That said I am definitely going to defend the Nobel for
John Nash, and not just because of the romanticism of
"A Beautiful Mind" and his comeback from insanity,
fascinating as that may be. The Nash equilibrium is
indeed a profound concept worthy of a Nobel Prize. I
would note that it has been taken over by biologists for
the analysis of evolutionary processes. Modern evolutionary
game theory in turn came back into economics from people
who became aware of the work of John Maynard Smith in biology,
with Reinhard Selten perhaps being the key initial figure in
economics.

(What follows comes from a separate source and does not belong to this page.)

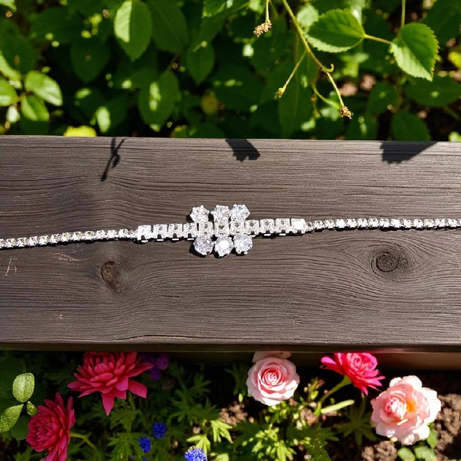 Stylish AD stone slim bracelet – Silver Flower | Gift for her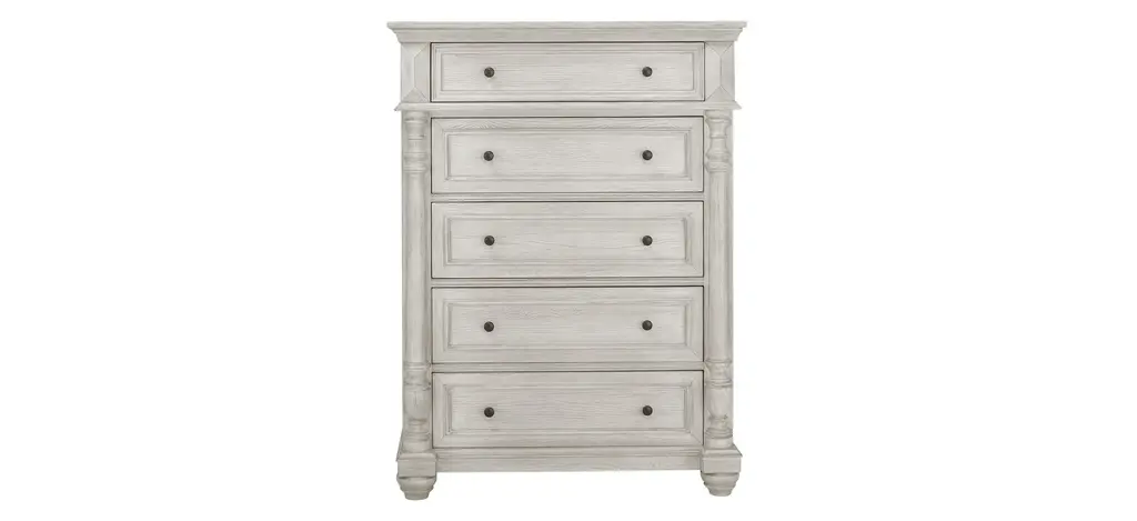The Nashview 5-Drawer Chest brings a rustic charm to your bedroom with its 2-tone finish in antique white and brown. Crafted from premium melamine board, wood, and engineered wood, this chest of drawers offers both durability and style. The five spacious drawers, equipped with metal on metal center glides, ensure smooth operation and ample storage space. You will love having this chest of drawers in your bedroom.

But the biologists, in turn, drew heavily on Nash.
If you want to diss Nash, I suggest you read Phil
Mirowski's account of things in his _Machine Dreams_,
where he says that von Neumann is the great genius
and Nash is just a hopeless paranoid, that even his equilibrium
is simply paranoia writ large. The opposite view is given in
the book version of _A Beautiful Mind_ by Sylvia Nasar (the
movie did not even have a von Neumann character in it).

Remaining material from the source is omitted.